### WHAT NEEDS TO BE DONE
Which lines in the records below contain the word "labyrinthe"? Report each of them.

### PROVIDED MATERIAL
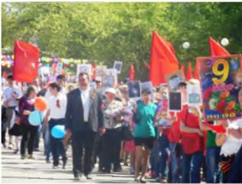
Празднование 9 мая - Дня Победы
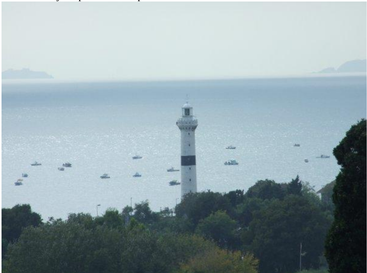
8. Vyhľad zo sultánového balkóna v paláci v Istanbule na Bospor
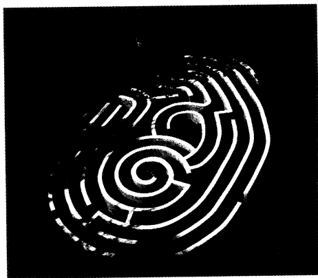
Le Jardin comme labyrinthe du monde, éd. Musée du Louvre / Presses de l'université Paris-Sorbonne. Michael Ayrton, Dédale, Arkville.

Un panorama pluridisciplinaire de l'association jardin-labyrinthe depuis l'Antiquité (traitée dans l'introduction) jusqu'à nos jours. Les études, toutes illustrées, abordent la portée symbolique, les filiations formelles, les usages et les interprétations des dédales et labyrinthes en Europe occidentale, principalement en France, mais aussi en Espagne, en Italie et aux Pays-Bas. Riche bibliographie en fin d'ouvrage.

* * *

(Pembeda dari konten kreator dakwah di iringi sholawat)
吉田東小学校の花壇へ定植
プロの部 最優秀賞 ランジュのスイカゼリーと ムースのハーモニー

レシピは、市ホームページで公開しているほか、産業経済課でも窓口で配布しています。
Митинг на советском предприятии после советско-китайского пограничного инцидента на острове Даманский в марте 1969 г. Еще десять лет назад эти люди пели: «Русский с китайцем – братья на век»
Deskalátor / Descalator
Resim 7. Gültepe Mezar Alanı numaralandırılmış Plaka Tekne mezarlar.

### ANSWER SPACE
Le Jardin comme labyrinthe du monde, éd. Musée du Louvre / Presses de l'université Paris-Sorbonne. Michael Ayrton, Dédale, Arkville.
Un panorama pluridisciplinaire de l'association jardin-labyrinthe depuis l'Antiquité (traitée dans l'introduction) jusqu'à nos jours. Les études, toutes illustrées, abordent la portée symbolique, les filiations formelles, les usages et les interprétations des dédales et labyrinthes en Europe occidentale, principalement en France, mais aussi en Espagne, en Italie et aux Pays-Bas. Riche bibliographie en fin d'ouvrage.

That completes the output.